━━━ Recorded data

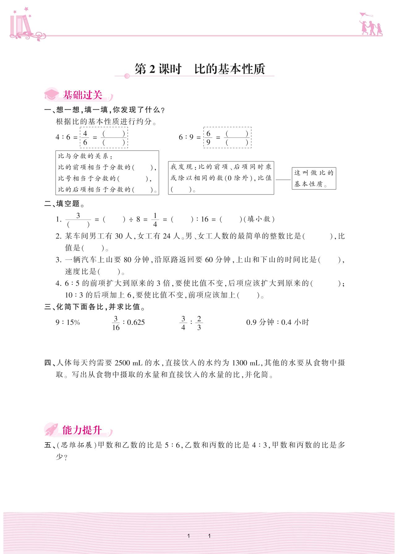 2020上册六年级数学冀教版 二 比和比例——第2课时 比的基本性质
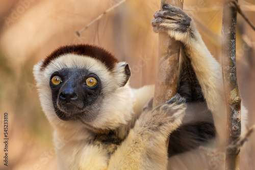 Fototapeta premium Verreaux's Sifaka - Propithecus verreauxi, dry forest Madagascar west coast,...
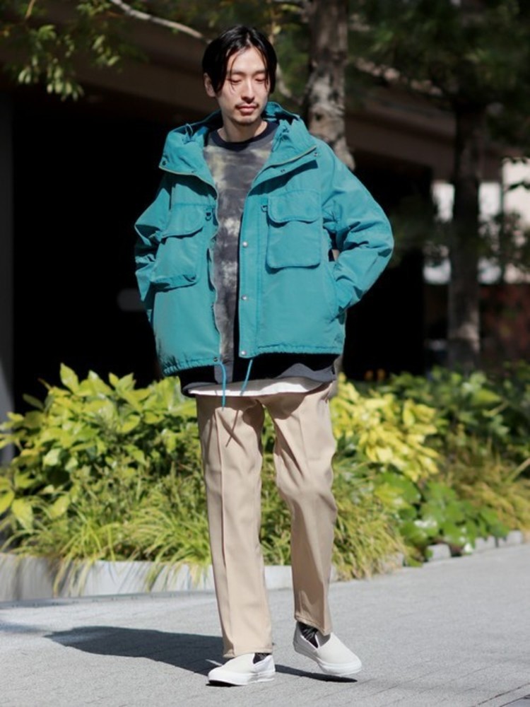 ゆったりとしたサイズ感のマウンテンパーカーですが、着丈が短めに作られているのでタックインしなくてもバランスよく着こなせます。トレンドのタイダイ柄スウェットで、着こなしに今っぽいカジュアル感を演出。ストリート感を控えめにするため、タック入りのベージュパンツと白スリッポンで品良くまとめれば、大人カジュアルコーデの完成です。

━━━━━━

• [Exercise details]:
From the line containing "Fototapeta premium Verreaux's" to the end of the listing, restate each line word for word and nothing more; the pictures stay out.

• [Written solution]:
 Fototapeta premium Verreaux's Sifaka - Propithecus verreauxi, dry forest Madagascar west coast,...
 ゆったりとしたサイズ感のマウンテンパーカーですが、着丈が短めに作られているのでタックインしなくてもバランスよく着こなせます。トレンドのタイダイ柄スウェットで、着こなしに今っぽいカジュアル感を演出。ストリート感を控えめにするため、タック入りのベージュパンツと白スリッポンで品良くまとめれば、大人カジュアルコーデの完成です。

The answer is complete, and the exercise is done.